* EXERCISE AIM: Write out the listing from the line with "Sequins Drabužių aksesuarų" to the line with "Вычислите количество вещества", both lines included, exactly and nothing beyond. Leave pictures out.

* PROVIDED DATA:
"""

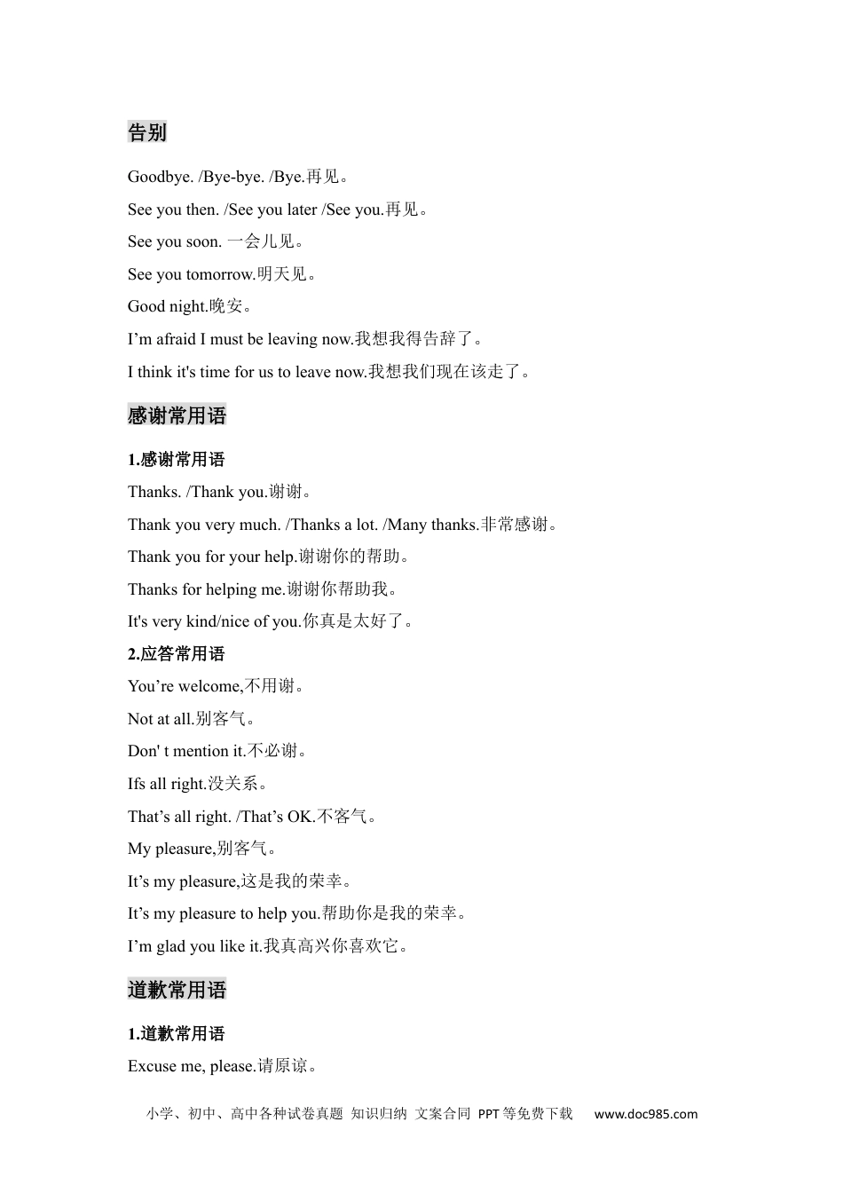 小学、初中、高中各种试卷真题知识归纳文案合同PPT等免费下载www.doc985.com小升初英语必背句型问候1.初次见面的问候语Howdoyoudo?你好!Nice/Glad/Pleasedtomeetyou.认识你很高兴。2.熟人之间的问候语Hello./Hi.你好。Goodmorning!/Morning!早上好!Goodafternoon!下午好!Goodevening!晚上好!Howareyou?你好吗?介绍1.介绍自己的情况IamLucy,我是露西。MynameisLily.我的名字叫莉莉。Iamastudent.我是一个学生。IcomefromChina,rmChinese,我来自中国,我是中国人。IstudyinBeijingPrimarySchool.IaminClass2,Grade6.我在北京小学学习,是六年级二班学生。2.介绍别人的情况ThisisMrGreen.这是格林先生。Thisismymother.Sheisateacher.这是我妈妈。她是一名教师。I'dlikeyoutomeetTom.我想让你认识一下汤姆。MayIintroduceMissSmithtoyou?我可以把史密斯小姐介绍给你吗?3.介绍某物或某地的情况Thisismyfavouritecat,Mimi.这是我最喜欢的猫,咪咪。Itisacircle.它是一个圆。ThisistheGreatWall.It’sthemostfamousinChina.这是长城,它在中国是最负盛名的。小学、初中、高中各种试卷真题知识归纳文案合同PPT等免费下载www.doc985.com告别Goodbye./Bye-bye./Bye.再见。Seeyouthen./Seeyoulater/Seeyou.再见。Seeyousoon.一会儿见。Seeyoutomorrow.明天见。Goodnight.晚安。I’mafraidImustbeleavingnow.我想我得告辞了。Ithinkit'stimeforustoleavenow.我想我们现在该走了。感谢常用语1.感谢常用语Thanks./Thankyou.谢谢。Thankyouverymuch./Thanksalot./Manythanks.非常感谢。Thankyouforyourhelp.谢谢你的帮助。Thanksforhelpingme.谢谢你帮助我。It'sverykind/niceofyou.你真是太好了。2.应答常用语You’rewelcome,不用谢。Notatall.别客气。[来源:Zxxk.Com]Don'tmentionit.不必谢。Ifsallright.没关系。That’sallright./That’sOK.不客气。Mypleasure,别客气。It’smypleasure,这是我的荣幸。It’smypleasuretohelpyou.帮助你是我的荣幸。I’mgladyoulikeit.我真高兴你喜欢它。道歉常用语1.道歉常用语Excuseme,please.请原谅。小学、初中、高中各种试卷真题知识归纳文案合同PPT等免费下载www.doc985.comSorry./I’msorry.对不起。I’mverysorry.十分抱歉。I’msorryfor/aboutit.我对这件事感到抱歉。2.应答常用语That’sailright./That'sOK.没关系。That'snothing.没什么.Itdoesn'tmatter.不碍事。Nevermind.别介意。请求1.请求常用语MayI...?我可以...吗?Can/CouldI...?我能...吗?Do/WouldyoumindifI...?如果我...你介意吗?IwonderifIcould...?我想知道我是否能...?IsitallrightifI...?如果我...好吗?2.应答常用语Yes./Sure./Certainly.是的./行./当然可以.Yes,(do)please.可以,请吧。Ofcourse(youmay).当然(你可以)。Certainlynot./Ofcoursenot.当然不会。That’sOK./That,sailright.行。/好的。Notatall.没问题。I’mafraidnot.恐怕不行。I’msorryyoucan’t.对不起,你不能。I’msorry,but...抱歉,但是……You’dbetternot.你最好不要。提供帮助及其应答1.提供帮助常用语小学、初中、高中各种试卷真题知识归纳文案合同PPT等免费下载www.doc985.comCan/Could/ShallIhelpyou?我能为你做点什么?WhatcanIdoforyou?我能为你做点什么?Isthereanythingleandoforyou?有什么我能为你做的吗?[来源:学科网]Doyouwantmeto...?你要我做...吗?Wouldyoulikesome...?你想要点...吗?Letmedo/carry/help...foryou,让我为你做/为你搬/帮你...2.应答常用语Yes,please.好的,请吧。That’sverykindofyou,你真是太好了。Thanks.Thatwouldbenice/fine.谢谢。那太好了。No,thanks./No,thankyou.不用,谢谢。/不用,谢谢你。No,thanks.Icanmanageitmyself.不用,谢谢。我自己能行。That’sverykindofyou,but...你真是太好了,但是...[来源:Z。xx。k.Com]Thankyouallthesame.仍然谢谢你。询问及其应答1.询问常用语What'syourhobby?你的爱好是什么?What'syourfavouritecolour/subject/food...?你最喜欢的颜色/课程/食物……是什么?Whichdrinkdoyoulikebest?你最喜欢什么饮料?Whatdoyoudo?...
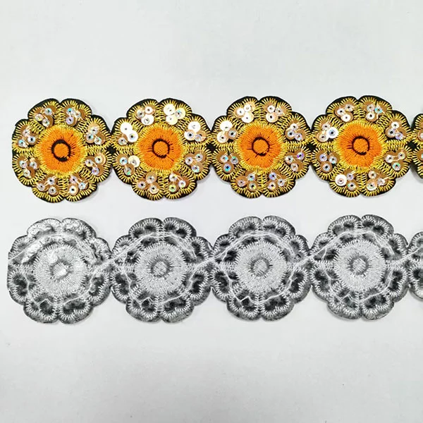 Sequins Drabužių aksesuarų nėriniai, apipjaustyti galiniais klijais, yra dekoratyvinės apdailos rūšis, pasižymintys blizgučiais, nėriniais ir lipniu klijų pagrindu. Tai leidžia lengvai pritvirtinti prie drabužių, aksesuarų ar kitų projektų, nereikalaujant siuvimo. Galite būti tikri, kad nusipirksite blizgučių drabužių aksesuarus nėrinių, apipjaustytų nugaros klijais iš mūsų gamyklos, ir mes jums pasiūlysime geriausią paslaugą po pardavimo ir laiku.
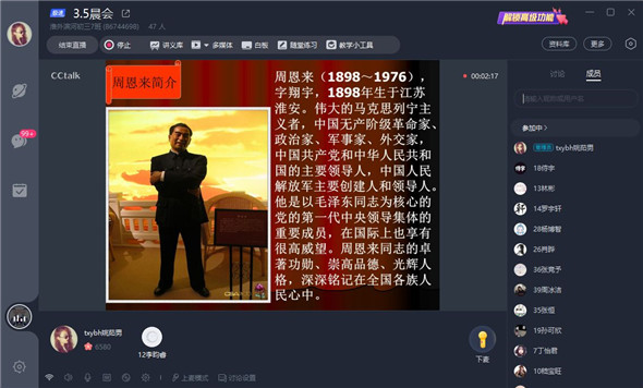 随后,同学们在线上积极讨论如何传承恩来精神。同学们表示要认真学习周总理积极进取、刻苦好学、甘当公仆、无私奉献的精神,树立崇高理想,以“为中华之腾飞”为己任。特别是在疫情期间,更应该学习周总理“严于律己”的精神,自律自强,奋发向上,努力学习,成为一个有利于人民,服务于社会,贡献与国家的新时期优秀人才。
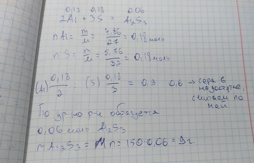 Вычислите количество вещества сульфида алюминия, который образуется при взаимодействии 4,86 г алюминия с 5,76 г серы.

"""
"""

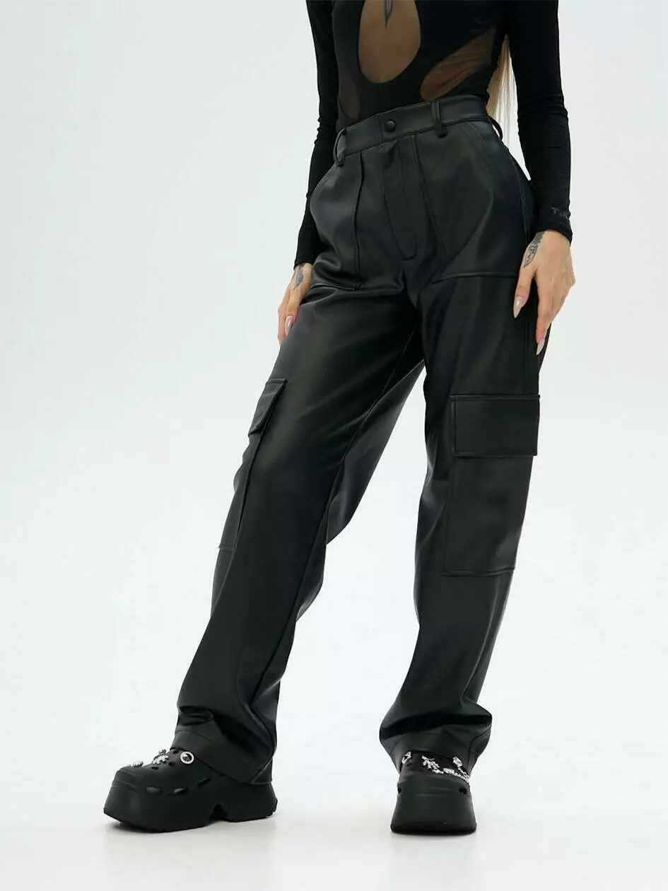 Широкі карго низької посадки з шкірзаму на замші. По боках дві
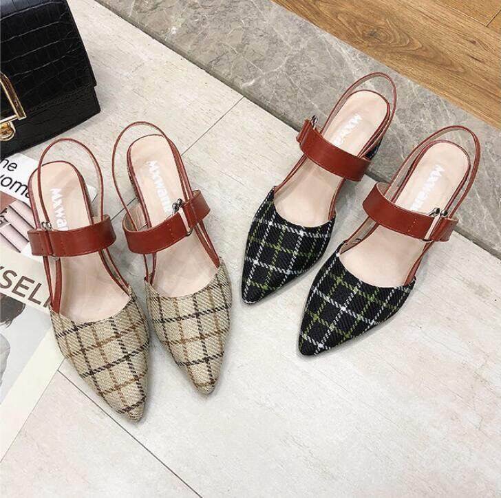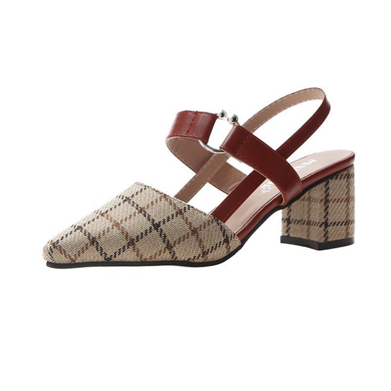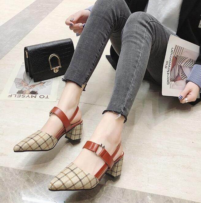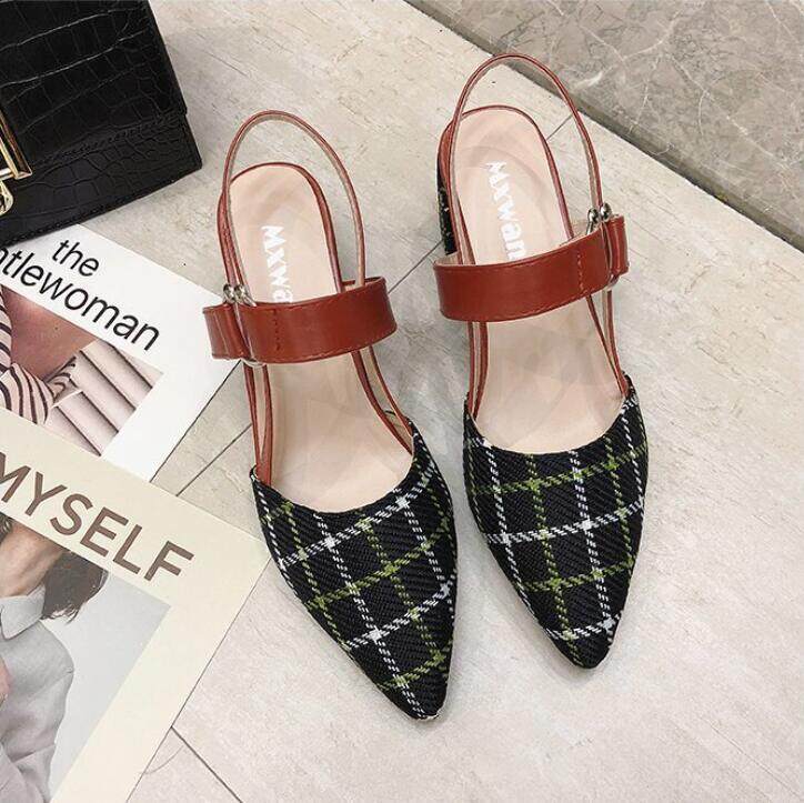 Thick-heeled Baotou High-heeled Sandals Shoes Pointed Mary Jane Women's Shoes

"""

* SOLUTION FOR THIS PROBLEM:
 Sequins Drabužių aksesuarų nėriniai, apipjaustyti galiniais klijais, yra dekoratyvinės apdailos rūšis, pasižymintys blizgučiais, nėriniais ir lipniu klijų pagrindu. Tai leidžia lengvai pritvirtinti prie drabužių, aksesuarų ar kitų projektų, nereikalaujant siuvimo. Galite būti tikri, kad nusipirksite blizgučių drabužių aksesuarus nėrinių, apipjaustytų nugaros klijais iš mūsų gamyklos, ir mes jums pasiūlysime geriausią paslaugą po pardavimo ir laiku.
 随后,同学们在线上积极讨论如何传承恩来精神。同学们表示要认真学习周总理积极进取、刻苦好学、甘当公仆、无私奉献的精神,树立崇高理想,以“为中华之腾飞”为己任。特别是在疫情期间,更应该学习周总理“严于律己”的精神,自律自强,奋发向上,努力学习,成为一个有利于人民,服务于社会,贡献与国家的新时期优秀人才。
 Вычислите количество вещества сульфида алюминия, который образуется при взаимодействии 4,86 г алюминия с 5,76 г серы.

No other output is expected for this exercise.